PROSITE documentation PDOC51371CBS domain profile
CBS domains contain about 60 amino acid residues and occur as tandem pairs in a variety of proteins in bacteria, archaea, and eukaryotes [1,2]. They are mainly found in proteins that are regulated by adenosyl metabolites. Depending on the protein in which they occur, CBS domains have been proposed to affect multimerization and sorting of proteins, channel gating, and ligand binding. However, recent experiments revealing that CBS domains can bind adenosine-containing ligands such ATP, AMP, or S-adenosylmethionine have led to the hypothesis that CBS domains function as sensors of intracellular metabolites [3,4].

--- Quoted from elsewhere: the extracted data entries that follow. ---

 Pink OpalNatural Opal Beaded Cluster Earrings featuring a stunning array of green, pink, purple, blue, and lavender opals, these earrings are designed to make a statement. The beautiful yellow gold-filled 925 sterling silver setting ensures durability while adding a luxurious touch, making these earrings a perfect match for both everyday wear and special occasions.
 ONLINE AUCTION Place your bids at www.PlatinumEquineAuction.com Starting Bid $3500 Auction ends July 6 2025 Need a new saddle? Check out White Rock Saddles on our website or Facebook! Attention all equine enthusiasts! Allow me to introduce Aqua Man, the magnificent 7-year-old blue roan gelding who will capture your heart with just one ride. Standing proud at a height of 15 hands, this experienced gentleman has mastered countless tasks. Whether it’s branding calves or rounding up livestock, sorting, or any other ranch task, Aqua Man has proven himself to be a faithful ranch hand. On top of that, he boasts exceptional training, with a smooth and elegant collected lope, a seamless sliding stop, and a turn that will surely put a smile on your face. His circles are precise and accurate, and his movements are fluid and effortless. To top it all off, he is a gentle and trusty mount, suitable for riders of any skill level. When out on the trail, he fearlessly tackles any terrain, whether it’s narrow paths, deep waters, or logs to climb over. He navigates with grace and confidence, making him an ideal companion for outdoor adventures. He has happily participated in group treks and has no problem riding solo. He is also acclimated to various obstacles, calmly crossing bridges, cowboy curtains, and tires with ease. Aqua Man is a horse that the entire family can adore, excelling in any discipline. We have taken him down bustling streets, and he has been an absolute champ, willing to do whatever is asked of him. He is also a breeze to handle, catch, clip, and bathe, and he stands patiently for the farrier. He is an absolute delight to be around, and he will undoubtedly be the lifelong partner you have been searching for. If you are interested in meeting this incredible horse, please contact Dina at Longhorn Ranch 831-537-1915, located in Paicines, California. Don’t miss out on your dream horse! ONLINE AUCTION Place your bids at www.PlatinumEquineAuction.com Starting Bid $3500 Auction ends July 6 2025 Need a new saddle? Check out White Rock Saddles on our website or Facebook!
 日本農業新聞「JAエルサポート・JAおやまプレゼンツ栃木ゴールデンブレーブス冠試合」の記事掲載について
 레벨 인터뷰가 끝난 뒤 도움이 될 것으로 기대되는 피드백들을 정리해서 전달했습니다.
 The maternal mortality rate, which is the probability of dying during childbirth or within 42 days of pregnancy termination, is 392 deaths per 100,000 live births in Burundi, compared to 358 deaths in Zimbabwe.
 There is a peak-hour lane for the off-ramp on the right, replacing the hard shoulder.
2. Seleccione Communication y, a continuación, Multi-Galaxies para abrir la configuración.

Crystallographic studies of CBS domains have shown that pairs of CBS sequences form a globular domain where each CBS unit adopts a β-α-β-β-α pattern (see <PDB:1ZFJ>) [5]. Crystal structure of the CBS domains of the AMP-activated protein kinase in complexes with AMP and ATP shows that the phosphate groups of AMP/ATP lie in a surface pocket at the interface of two CBS domains, which is lined with basic residues, many of which are associated with disease-causing mutations [6].

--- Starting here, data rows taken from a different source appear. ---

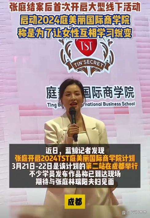 而根据官方媒体披露,张庭在 2024 年宣布开启 2024TST 庭美丽国际商学院计划,而此次她公开亮相的活动是该计划的第二站,在成都举行,早在几天前,就有不少 TST 的学员以及来自全国的代理商们发布作品预热,称自己已经到达现场,期待与张庭林瑞阳夫妇见面。
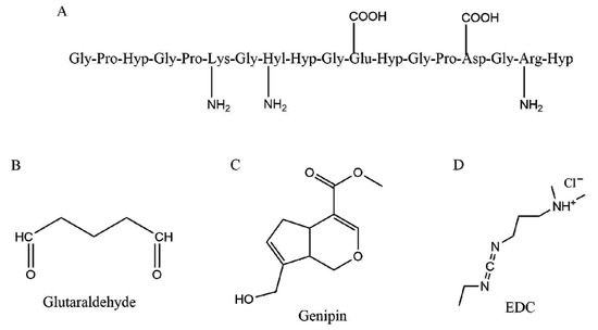 Chemical crosslinking of collagen. Crosslinks are primarily introduced in collagen by targeting carboxylic acid groups on Asp and Glu residues, or amines on Lys, Hyl, and Arg groups (A–D) show some common crosslinkers used to modify collagen.
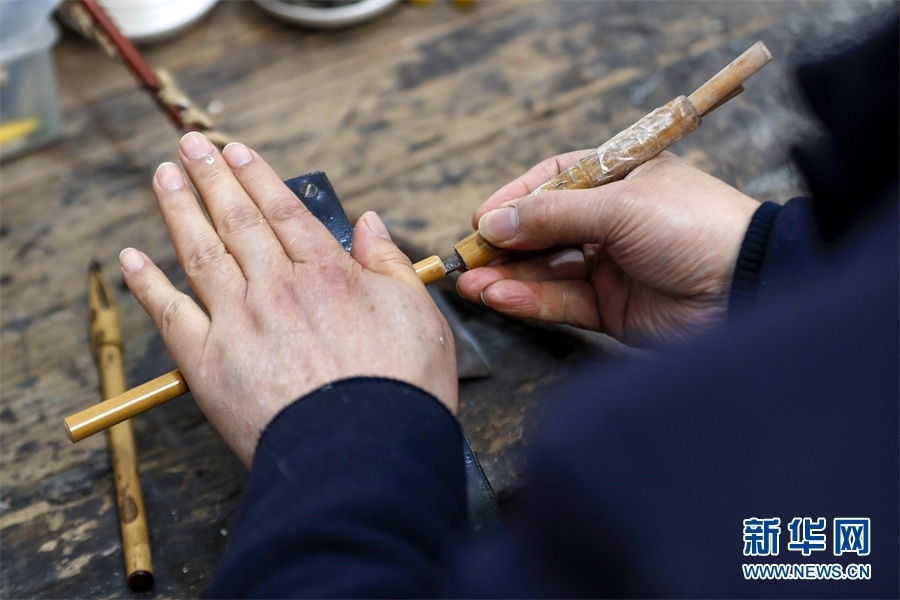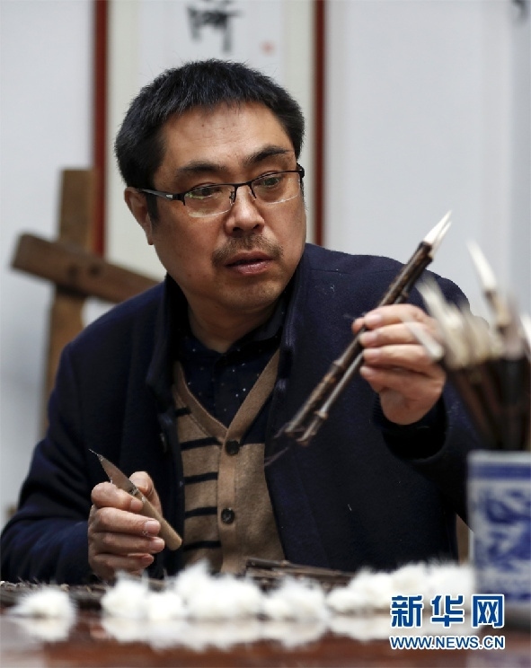 近日,國(guó)家級(jí)非遺傳承人楊文正在制作筆頭。

Some proteins known to contain a CBS domain:
- Cystathione β-synthase (CBS) protein. CBS performs a crucial step in the biosynthetic pathway of cysteine by providing a regulatory control point for S-adenosylmethionine.
- Mammalian AMP-activated protein kinase (AMPK) γ-subunit. AMPK is a heterotrimer of three different subunits (α, β, and γ) with α being the catalytic subunit and β and γ having regulatory roles. AMPK is a serine/threonine protein kinase that has a central role in controlling whole-body metabolism in response to nutrients and hormonal signals.
- Inosine-5'-monophosphate dehydrogenase (IMPDH) protein. This enzyme catalyzes the first committed step in the purine nucleoside-synthesis pathway for the generation of GMP.
- CLC Chloride Channel family. These channels are voltage gated chloride channels that sustain a wide variety of cellular functions, including membrane excitability, synaptic communication, transepithelial transport, cell volume regulation, cell proliferation, and acidification of endosomes and lysosomes.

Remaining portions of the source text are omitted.